On a decorative note – I have all my inside Christmas decorations put away and all my Christmas gifts hung up.  We rearranged some furniture too.  I can’t wait to show y’all this coming week!

6 comments:

Kelli said...

I eat when I'm bored, excited, sad, happy, etc. I think it is more habit like biting fingernails. It is just what I do. So I need to try and not do it and when it gets hard (because man I love food) that is when I'll need to pray and asked for strength from God. I know He can help. And leave good snacks around so when I fail (which I know I will), at least I'll be failing in a healthy way. I'll pray for you!

Beth in NC said...

I understand. I eat just to eat sometimes. Even if I'm full.

I pray you get freedom from this habit. I know it is frustrating!

Love,
Beth

Kristi said...

I am right there with you. One thing I am going to work on this year is to only eat when I am sitting at the table. No snacking in front of the TV, no mindlessly eating at work. We'll see.
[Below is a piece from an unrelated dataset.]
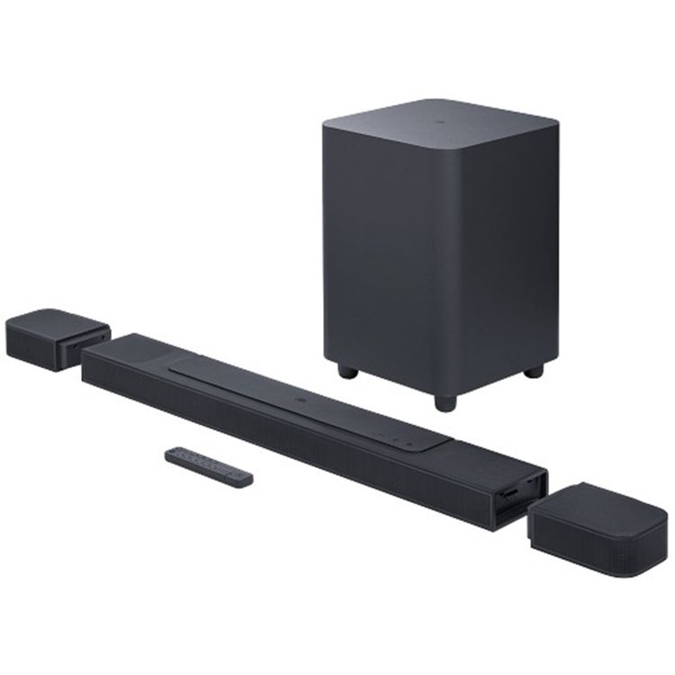 مكبر الصوت JBL Bar 1000 المزود بسماعات محيطية قابلة للفصل، بقوة إجمالية 880 واط، يدعم صيغة MP3، منفذ USB-A، درجة حرارة التشغيل من 0-45 درجة مئوية - اللون أسود.

Also, someone very wise once told me that all food goes to waste; it just doesn't need to go through me first. Something to think about.

Heatherlyn said...

I don't know. It sounds like you eat at normal times, but maybe that's because I'm a real snacker. Just take only one or two bites of whatever it is. It takes me like 2 hours to finish anything I'm drinking. Maybe that's not the best advise, but if you find yourself wanting to eat for emotional reasons it might be easier to just not eat very much when you do eat than to just not eat. Or maybe gum?

Miller Racing Family said...

I agree with you about there being a pill for everything. I also think it is harder to control an eating problem when you love to cook. Last year we made the resolution of no snacking. I can't tell you how that has helped with eating when we aren't even hungry.
Have a great weekend.

The Un-Nester said...

Like we just said...we all have our vices. I think its great that you are trying to be honest with yourself. when you really open up you can find out alot about what is triggering this behavior. Your eating may be to my emotional hoarding, etc. There is a root, no more denial. Maybe 2010 we can figure it out :) I think alot of focus and dedication will help you be successful!!! Just like any habit - we can learn to curb! Let me know when you find the answers as I am curious!